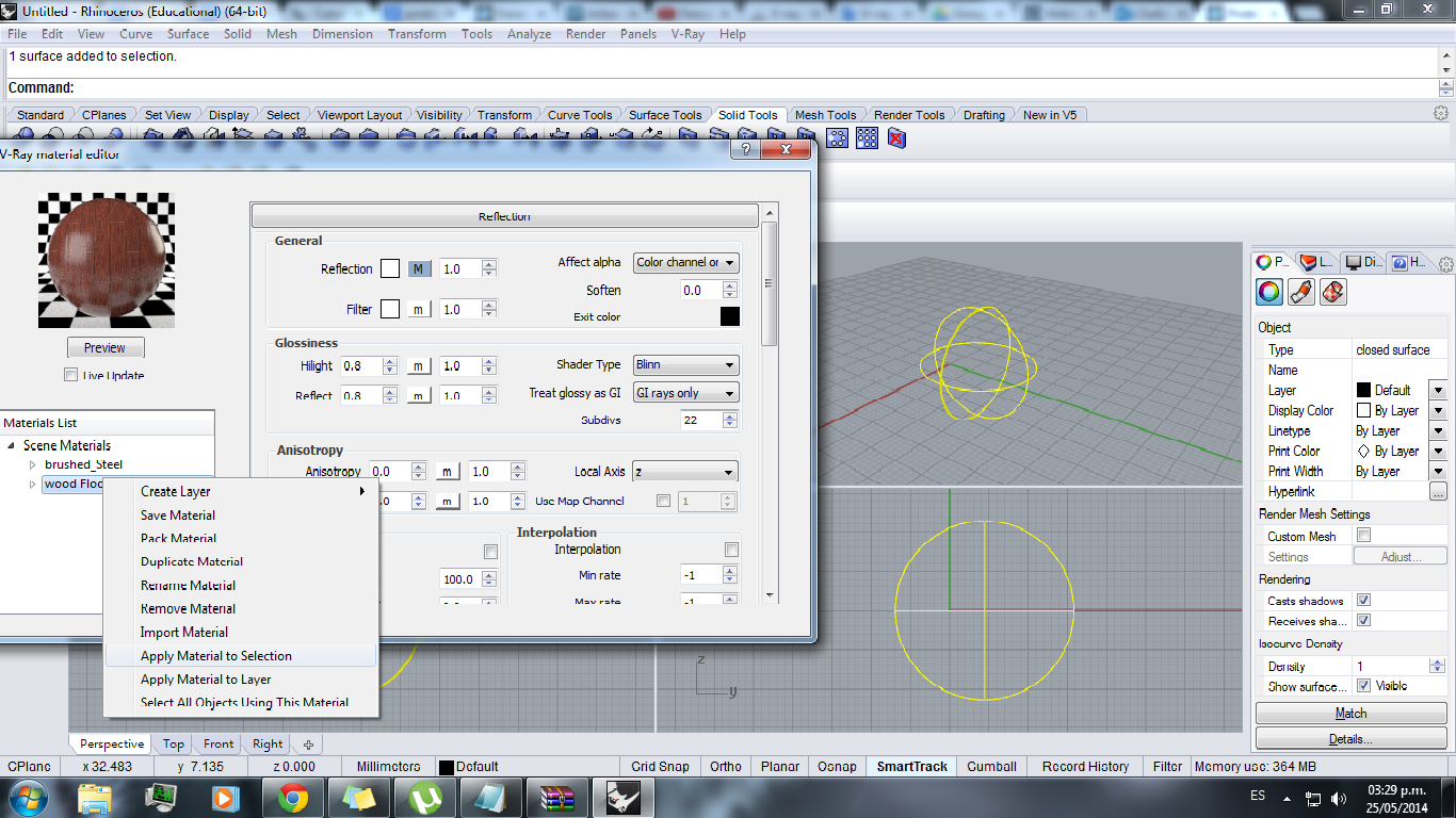 Buenas tardes, recién acabo de registrarme porque no encontré respuesta a mi problema. Instalé V-ray para él Rhinos 5 descargué unos materiales, probé hacer esferas, abrí el menú para cargar el material (piso de madera) seleccione la esfera y le di aplicar material a selección, pero no pasa nada no sé qué tengo que hacer, que hice mal o que me faltó por hacer. Muchas gracias.
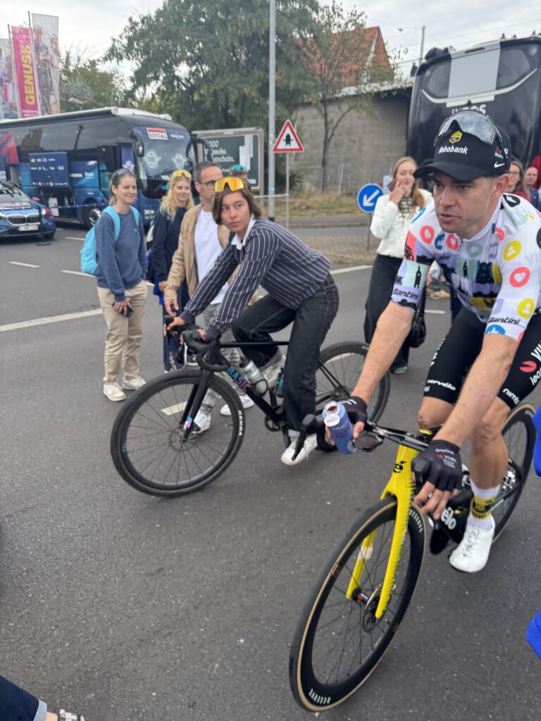 Am Samstagmorgen ist die Stimmung in Arnsberg noch einmal ganz anders. Die Zielstadt vom Vortag verwandelt sich in einen Startort. In der Stadt stehen die Team-Busse, Fans drängen sich davor, um einen Blick auf ihre Helden zu erhaschen. Und wieder: Florian Lipowitz ist einer der meistumringten Fahrer, fast schon Popstar-mäßig. Daneben Superstars wie Wout van Aert – plötzlich in Reichweite, während er sich aufs Rad schwingt.
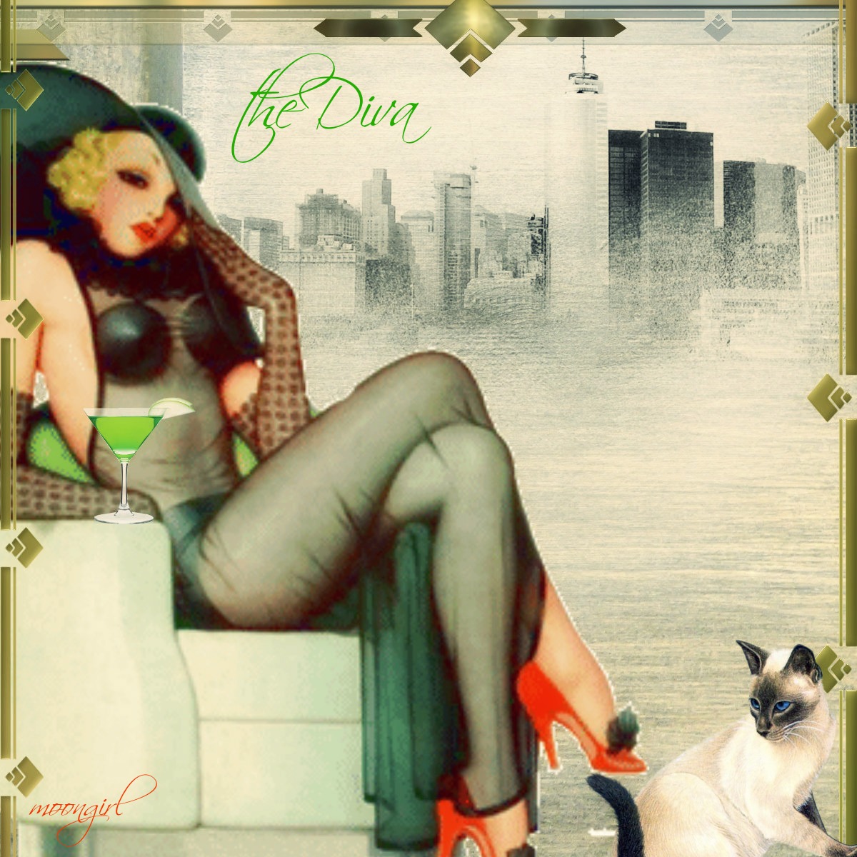 Anna Aspnes Design and JM art deco kit.Lady and cat tubes, the net.

§ What to produce: Leave out the images and write out the listing above exactly.

§ Exercise response:
 Buenas tardes, recién acabo de registrarme porque no encontré respuesta a mi problema. Instalé V-ray para él Rhinos 5 descargué unos materiales, probé hacer esferas, abrí el menú para cargar el material (piso de madera) seleccione la esfera y le di aplicar material a selección, pero no pasa nada no sé qué tengo que hacer, que hice mal o que me faltó por hacer. Muchas gracias.
 Am Samstagmorgen ist die Stimmung in Arnsberg noch einmal ganz anders. Die Zielstadt vom Vortag verwandelt sich in einen Startort. In der Stadt stehen die Team-Busse, Fans drängen sich davor, um einen Blick auf ihre Helden zu erhaschen. Und wieder: Florian Lipowitz ist einer der meistumringten Fahrer, fast schon Popstar-mäßig. Daneben Superstars wie Wout van Aert – plötzlich in Reichweite, während er sich aufs Rad schwingt.
 Anna Aspnes Design and JM art deco kit.Lady and cat tubes, the net.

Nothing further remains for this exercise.